Cerciello con l’opera di Jelinek “Trascino lo spettatore di fronte alle proprie responsabilità”
di Elide Apice
FaustIn and Out di Elfriede Jelinek, con Marina Bellucci, Mariachiara Falcone, Michela Galise, Serena Mazzei, regia di Carlo Cerciello, seconda parte del dittico Peep Tragedy – il tragico dal buco della serratura, sarà in scena all’Elicantropo di napoli dal 13 aprile al 15 maggio. In collaborazione con Elledieffe e con il sostegno del Teatro Pubblico Campano.
Cerciello, come arriva a questo progetto?
“Peep tragedy sottolinea la condizione dell’uomo contemporaneo che resta alla finestra senza intervenire, e se può non lo fa, perché fortemente disorientato. Il peep tragedy è trascinare lo spettatore di fronte al dramma, affascinarlo e tirarlo nella trappola del falso gioco che lo mette di fronte alle proprie responsabilità.

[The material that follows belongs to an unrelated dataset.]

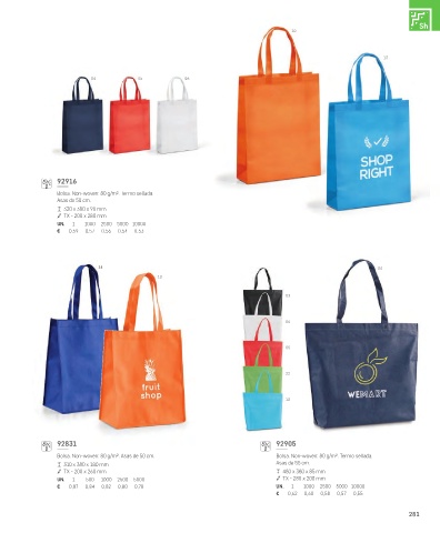 Bolsa. Non-woven: 80 g/m². Asas de 50 cm. Bolsa. Non-woven: 80 g/m². Termo sellada.

Ecco perché la scelta di un numero ridotto di spettatori, solo diciotto per sera, invitati ad essere dentro le storie”.
Perché la scelta di Cassandra di Christa Wolf, per la prima parte del dittico, e ora di FaustIn and Out?
“Sono testi attuali, entrambi al femminile, perché da una parte le donne sono l’anello debole della catena, sottoposte a sfruttamento, e dall’altra è femminile il senso di ribellione e il tentativo di sovvertire le regole. Nel cast, quindi, ci sono solo donne. Inoltre l’autrice lascia liberi sulla scelta dei ruoli a parte le indicazioni per Spirita e Fausta che sono i due elementi fondanti da cui trae ispirazione per lo svolgimento del suo testo rispetto all’Urfaust di Goethe. Le storie parlano di donne partendo dalla definizione della stessa autrice di “dramma secondario dell’Urfaust”, cioè dramma che incrocia il dramma classico e lo disturba cambiandone gli obiettivi. Come nell’Urfaust, contiene l’IN e l’Out. L’IN è il dentro e, in questo caso, è il sotto, il marcio, l’ombra che è presente in ognuno di noi, e l’OUT è l’apparenza che nasconde il marcio attraverso l’ostentazione di un benessere individuale e sociale.
Jelinek si concentra su quattro vicende di cui la più importante è quella di Elisabeth Fritzl, asse portante del testo. Un’altra storia simile alla prima, ma che viene solo citata, è quella di Natascha Kampusch. Entrambe segregate in uno scantinato, la prima tenuta prigioniera dal padre per 24 anni, durante i quali metterà al mondo sette figli, mentre il padre aguzzino condurrà una vita del tutto normale con sua moglie, al piano superiore. Nello scantinato c’è uno sdoppiamento, e lo sfruttamento si trasferisce ad altre due donne prese dalla cronaca, entrambe vittime di un ulteriore tipo di sfruttamento, quello della società neocapitalista, del liberismo, della schiavitù, dell’economia. All’interno di questo scantinato le donne hanno come unico riferimento un televisore, quindi tutto è filtrato dai media. La realtà che giunge loro, dunque, è distorta, questo le porta a rinunciare ad una vita libera, perché non sanno riconoscerla”.
Come è strutturata la messa in scena?
“Lo scantinato diventa un peep show, una sorta di luogo dove la platea può spiare all’interno. Il pubblico è dietro ai vetri, ma è anche dentro, diventando protagonista dello stesso gioco perverso. Voglio che si senta corresponsabile. La nostra colpa infatti è quella della deresponsabilizzazione. Di fatto non si agisce mai rispetto ai problemi perché non c’è mai un vero spirito sociale, l’uomo oggi è quello delle rivoluzioni alla tastiera, incapace di prendere decisioni”.